The paper: Perspectives on the Genomics of HSP Beyond Mendelian Inheritance by Dana M. Bis-Brewer and Stephan Züchner, (https://www.frontiersin.org/articles/10.3389/fneur.2018.00958/full) published in 2018 describes several key features. The text below is summary extracts of the paper (I basically copied the whole paper in and retained the parts I wanted to!):
It is usually assumed that eventually nearly all HSP patients will receive a single-gene diagnosis and the diagnostic yield of multigene panels has never been higher (albeit hindered by an increasing burden of Variants of Uncertain Significance).
However, most recently discovered HSP genes are rare causes of the disease affecting few people, and recent multi-patient gene testing studies have had less than 50% success rate in identifying an HSP gene. There is concern of a persisting diagnostic gap, estimated at 30–40%, and even higher for sporadic cases. Gene therapies may soon come to HSP, but these require a specific genetic diagnosis, which emphasises the need to fill the diagnostic gap, illustrated below:
This gap may not be fully closed by classic Mendelian approaches. There are a number of strategies for identifying further Mendelian and non-Mendelian causes of HSP:
- Systematic reanalysis of unresolved cases can reveal new causative variants. The search should ideally be expanded beyond mutations in the protein-coding regions, but this requires whole-genome sequencing;
- Another contributor of genome variability that could help resolve the diagnostic gap is structural variation, including copy number variations (CNVs), translocations, and inversions. CNVs are known to play an important role in HSPs, however determining whether a CNV is benign or pathogenic remains a considerable clinical challenge.
- Standard clinical genomic analysis focuses on typical modes of inheritance and unusual inheritance modes are often ignored. Inclusion of these can lead to successful identification of overlooked molecular diagnoses.
- Traditional Mendelian disease analysis are focused on specific alleles. These locus-specific studies disregard a more comprehensive genetic model for human disease in which variants of varying effect size as well as environmental influences contribute to disease.
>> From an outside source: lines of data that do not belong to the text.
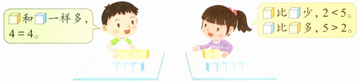 左边摆$4$个正方体,右边摆$4$个正方体,左右两边一样多,$4 = 4$;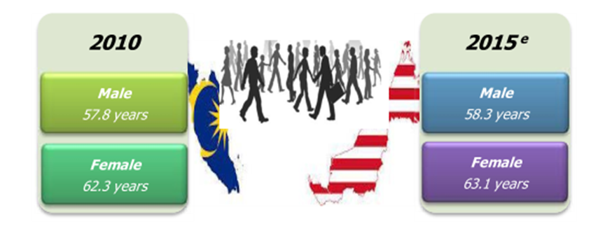 Life expectancy at birth of Malaysian residents continued to rise every year. In 2015, a newborn is expected to live to 74.8 years, increased by 0.7 years as compared to 74.1 years in 2010.
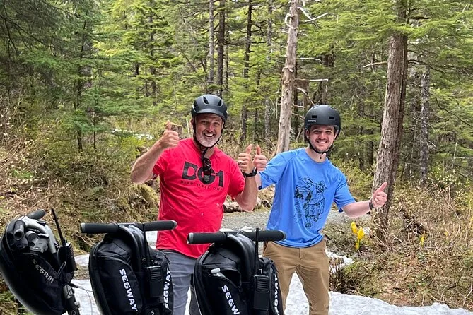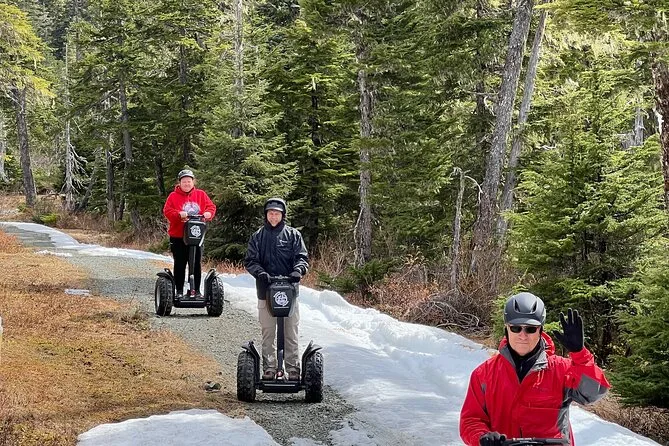Votre journée comprend la navette aller-retour de Juneau à Eaglecrest, des radios mains libres pour bien entendre le guide malgré les rires, de l’eau en bouteille, tous les frais et taxes, un casque pour la sécurité (et le style), l’utilisation d’un Segway tout-terrain X2, ainsi que des encas locaux partagés à Fish Creek avant la descente.

- Contrary to general expectations for HSP families, asymptomatic carriers are not infrequent.
- Sex-dependent penetrance is suspected in some HSPs based on the excess of affected males.
- Given the high clinical variability observed across HSP patients, genetic modification of the primary allele has been anticipated.
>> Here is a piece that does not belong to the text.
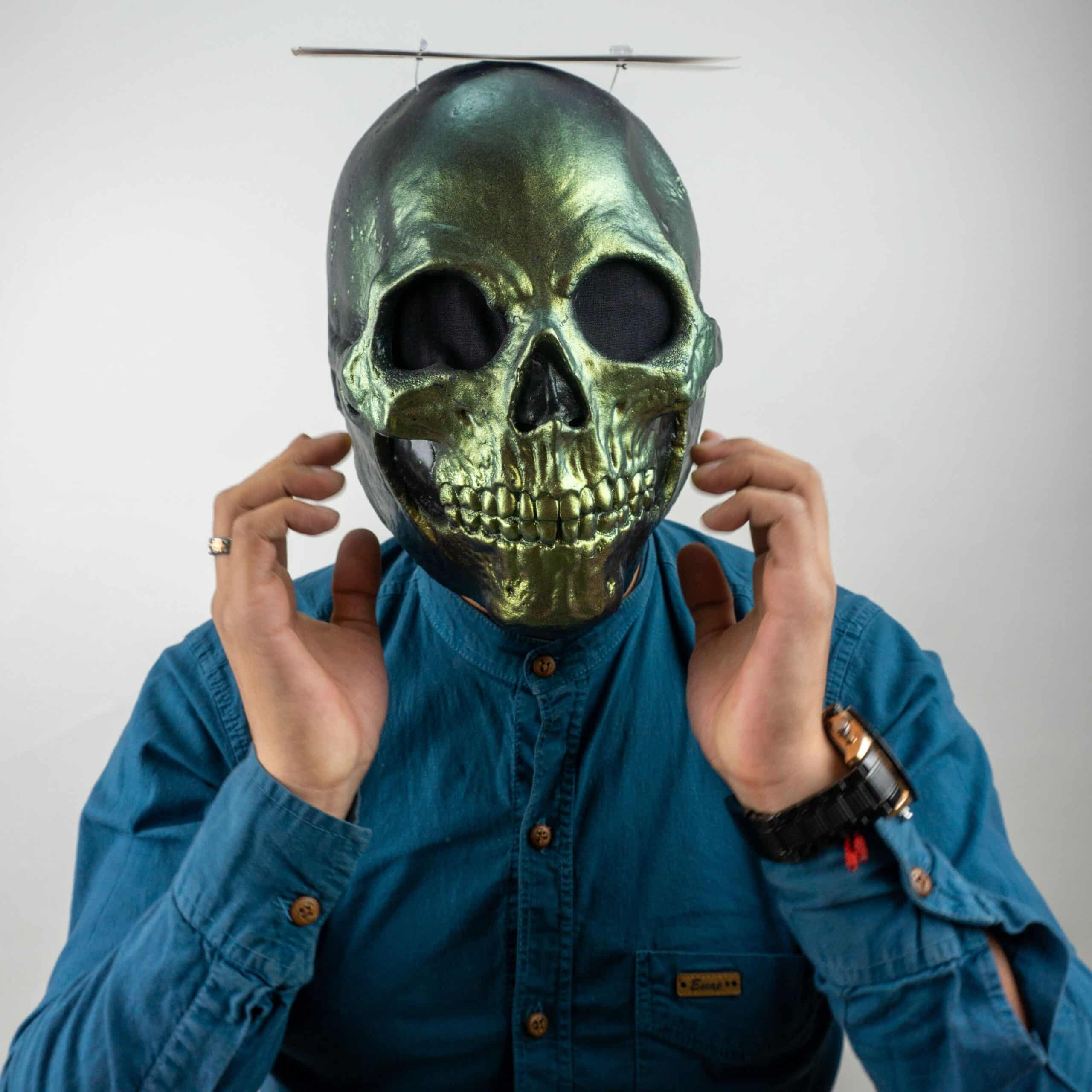 Máscara de latex sin ajuste para adultos, en forma de craneo.

- Exceptions to the fundamental “one gene, one phenotype” may occur. Here the primary allele is sufficient to cause disease, but a secondary allele is a “modifier” that controls aspects like disease severity or progression.
- The current classification systems suggest that HSPs are a distinct and isolated disorder, when in fact HSPs exist on a spectrum between inherited ataxias and Charcot-Marie-Tooth disease.
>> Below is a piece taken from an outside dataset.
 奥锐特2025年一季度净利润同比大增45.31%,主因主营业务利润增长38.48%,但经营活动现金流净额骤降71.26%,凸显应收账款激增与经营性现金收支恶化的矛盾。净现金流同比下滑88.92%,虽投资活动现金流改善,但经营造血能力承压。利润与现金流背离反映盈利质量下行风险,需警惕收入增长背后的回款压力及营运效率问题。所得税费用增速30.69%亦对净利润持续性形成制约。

- These approaches increasingly require larger datasets which contradicts, of course, the low prevalence of rare disease. Raw genetic data aggregation may be the next frontier for HSP gene discovery.
- Gene therapy may soon be applied to specific HSP genes. These novel therapeutic approaches include gene replacement, antisense oligonucleotides (ASO), and soon gene editing. Most require a specific genetic diagnosis.